The authors, Jason Richwine, senior policy analyst at the Heritage Foundation, and Andrew Biggs, resident scholar at the American Enterprise Institute, both highly conservative organizations, generally say that:
*Public school teachers earn more money than people with the same skills in the private sector and therefore are overpaid.
*The education teachers receive isn’t good for anything and that advanced degrees aren’t worth additional compensation like, say, a physician or architect would get. “The field of education is less challenging than other academic concentrations,” it says.
There are other points in the paper, which you can read here, but perhaps the most telling is this, my personal favorite: “We should be careful not to draw strong conclusions about the wages of a single occupation from a regression such as this one.” And then the paper proceeds to draw strong conclusions about the wages of a single occupation, teaching.
Actually, according to the Teachers Salary Project, teachers aren’t raking in the dough. The average starting salary for teachers in the United States is $39,000, and the average ending salary — after 25 years in the profession — is $67,000. Is that overpaid for people who are charging with educating young people?
Even Rhee, the former D.C. schools chancellor who now spends much of her time advocating for government policies that diminish the role of teachers unions, doesn’t think teachers are overpaid.
While running D.C. schools, she attracted private money from foundations to implement a teacher evaluation scheme that offered merit pay to some teachers that could have elevated salaries to about $130,000.

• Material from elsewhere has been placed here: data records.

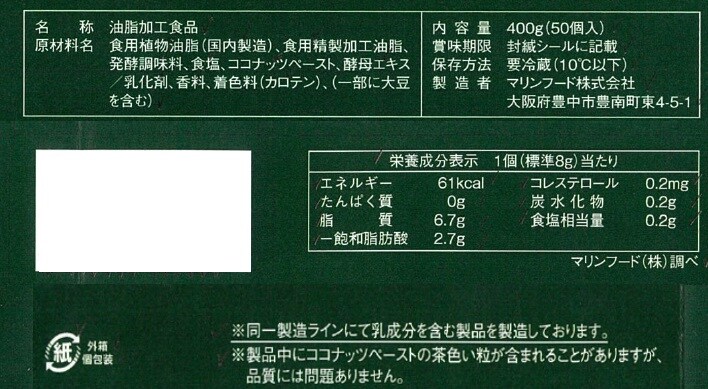 [10個]マリンフード 芳醇植物バター 400g(50個入) | 動物性原料不使用なのに濃厚な「植物バター」
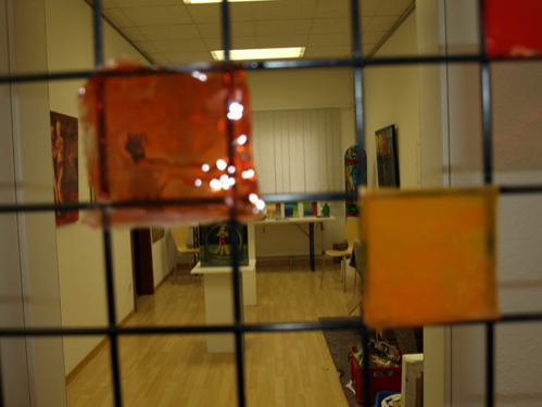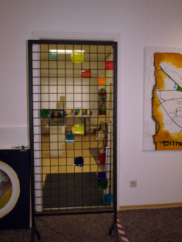 Ich möchte in der Arbeit Gelfarbenfelder nebeneinandersetzen. Ursprünglich wollte ich die Arbeit bewusst steuern, d.h. die Farben selber bestimmen und auch in einem Farbraum (blau/grün) belassen. Beim Planen der Ausstellung und bei der Suche nach Projekten, bei denen ich die Besucher miteibeziehen kann, kam mir dann die Idee die Felder und Farben einfach per Los ziehen zu lassen.
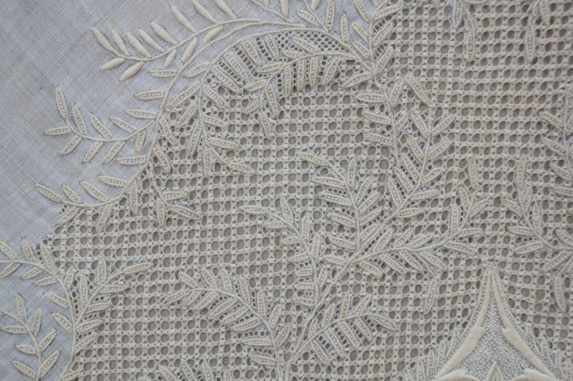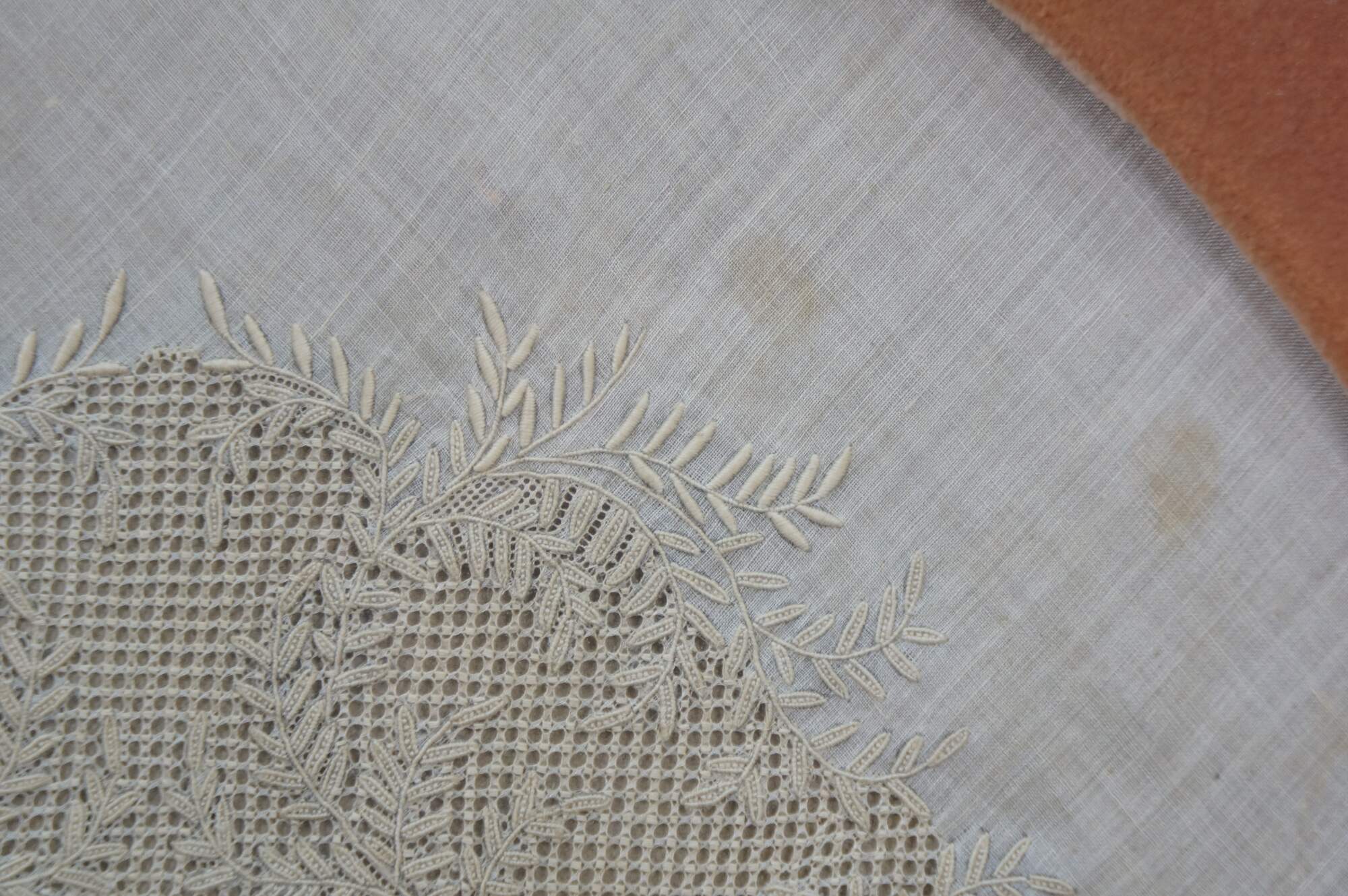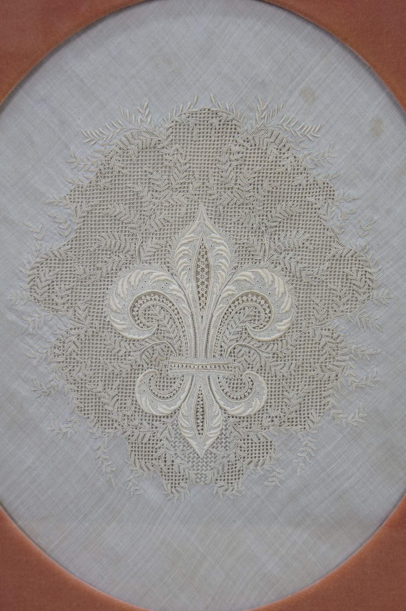 Antique framed piece of intricate lace and embroidery on white linen depicting a French fleur de lis surroundded swirling foliate leaves. Silver and gold beveled wood frame; burnt orange velvet mat.
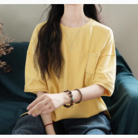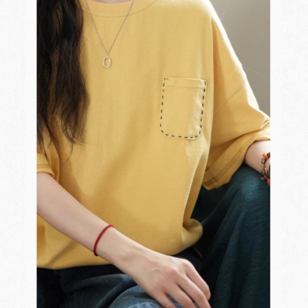 商品属性 [上市年份/季节] 2025夏季 [主面料成分] 棉 [主面料成分含量] 95%及以上 [图案] 纯色 [工艺] 刺绣/绣花 [是否跨境货源] 否 [款式] 套头 [流行元素] 口袋 [版型] 宽松型 [衣长] 普通款(50cm<衣长≤65cm) [袖型] 常规 [袖长] 短袖 [面料名称] 棉 [领型] 圆领 [风格] 通勤风 [风格类型] 气质通勤
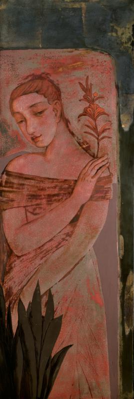 2019年8月漆畫《花里春風未覺時》入選第十三屆全國美展。
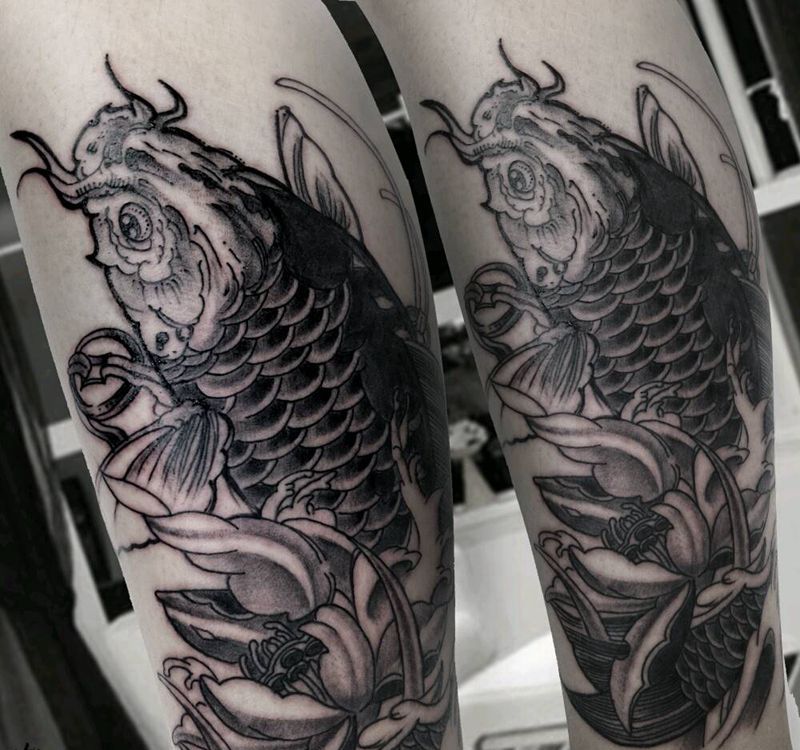 【鲤鱼】纹身图片_腿部传统动物原创成品纹身图案
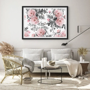 Affisch i svart ram - Tappa sig i rosblommorna - 50x40 cm
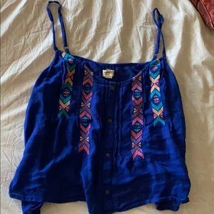 This tank top is super cute and flowy and adorable for the summer! It has a cute and fun colorful pattern on top of the beautiful royal blue color. There are buttons that go down the front and the straps are adjustable! Perfect condition :) tag says XL but fits more S/M

Here’s what she wrote in The Huffington Post last May, in honor of Teacher Appreciation Week:
“The average teacher salary in the United States is estimated to be around $55,000. Surely your favorite teacher is worth more than that. What's more, teachers tend to earn minimal increases in lockstep with each other and without regard to how well they are actually doing. Excellence goes unrewarded.”
“No, we do not agree that teachers are overpaid. Under the status quo in most school districts, good classroom teachers are not only undervalued in pay, but as professionals generally.”
We will not dwell on the irony in the statement by Rhee that the teaching profession is undervalued and simply say that if you can’t believe Michelle Rhee about how much to pay teachers, who can you believe?